> _Work task_
For the data below, transcribe the part that opens with the line containing "Para agregar una" and closes with the line containing "中廣網呼和浩特10月24日消", exactly and with no pictures.

> _Exercise material_
----

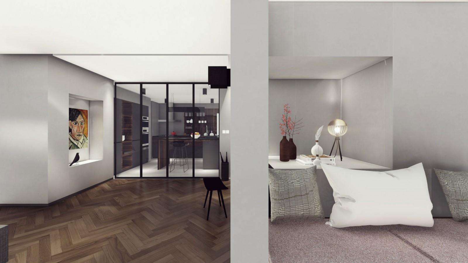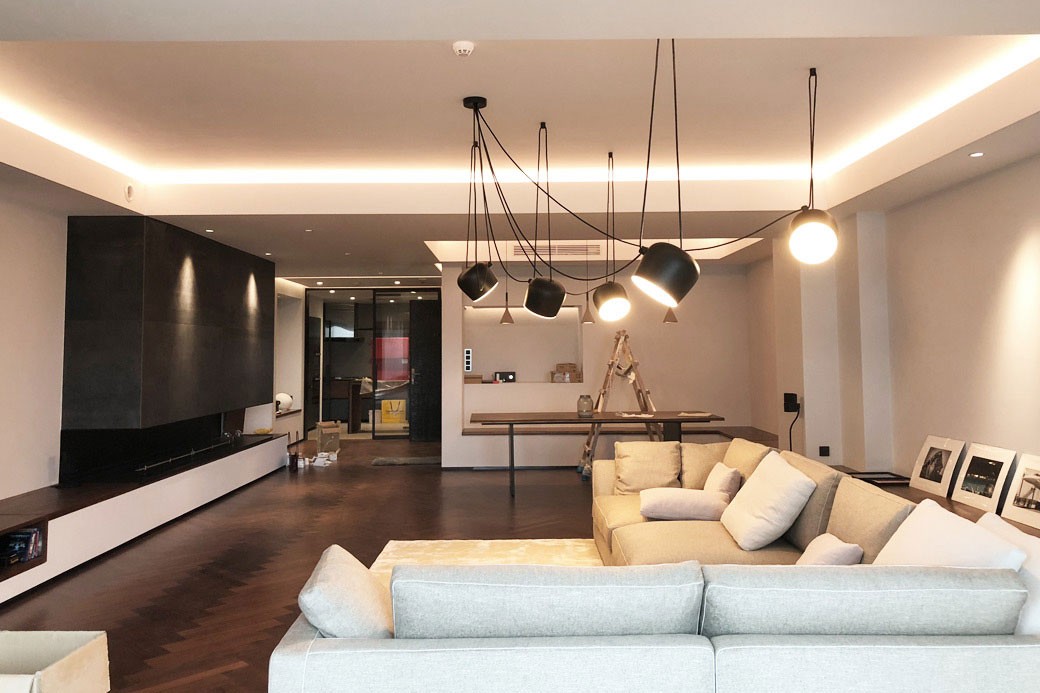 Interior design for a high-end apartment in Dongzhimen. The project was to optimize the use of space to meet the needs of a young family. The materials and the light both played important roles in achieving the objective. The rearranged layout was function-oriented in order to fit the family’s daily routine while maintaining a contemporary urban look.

----

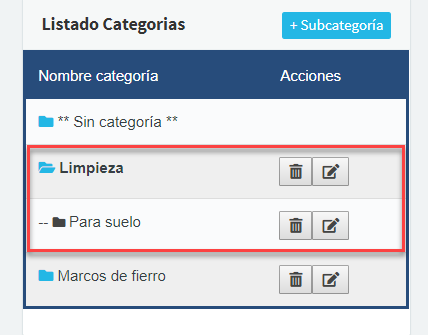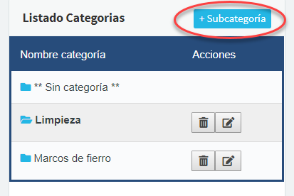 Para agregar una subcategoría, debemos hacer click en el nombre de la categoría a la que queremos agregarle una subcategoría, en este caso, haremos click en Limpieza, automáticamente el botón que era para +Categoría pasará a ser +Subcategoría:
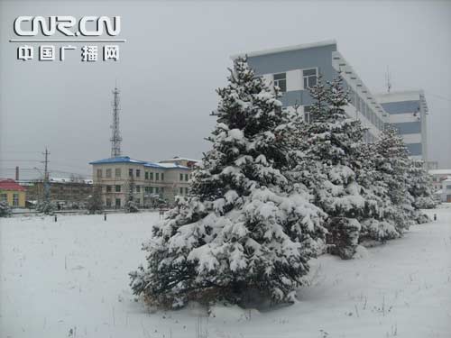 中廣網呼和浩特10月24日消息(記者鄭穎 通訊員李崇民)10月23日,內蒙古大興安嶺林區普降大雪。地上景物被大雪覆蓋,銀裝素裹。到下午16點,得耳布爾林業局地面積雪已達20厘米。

----

> _Your response_
 Para agregar una subcategoría, debemos hacer click en el nombre de la categoría a la que queremos agregarle una subcategoría, en este caso, haremos click en Limpieza, automáticamente el botón que era para +Categoría pasará a ser +Subcategoría:
 中廣網呼和浩特10月24日消息(記者鄭穎 通訊員李崇民)10月23日,內蒙古大興安嶺林區普降大雪。地上景物被大雪覆蓋,銀裝素裹。到下午16點,得耳布爾林業局地面積雪已達20厘米。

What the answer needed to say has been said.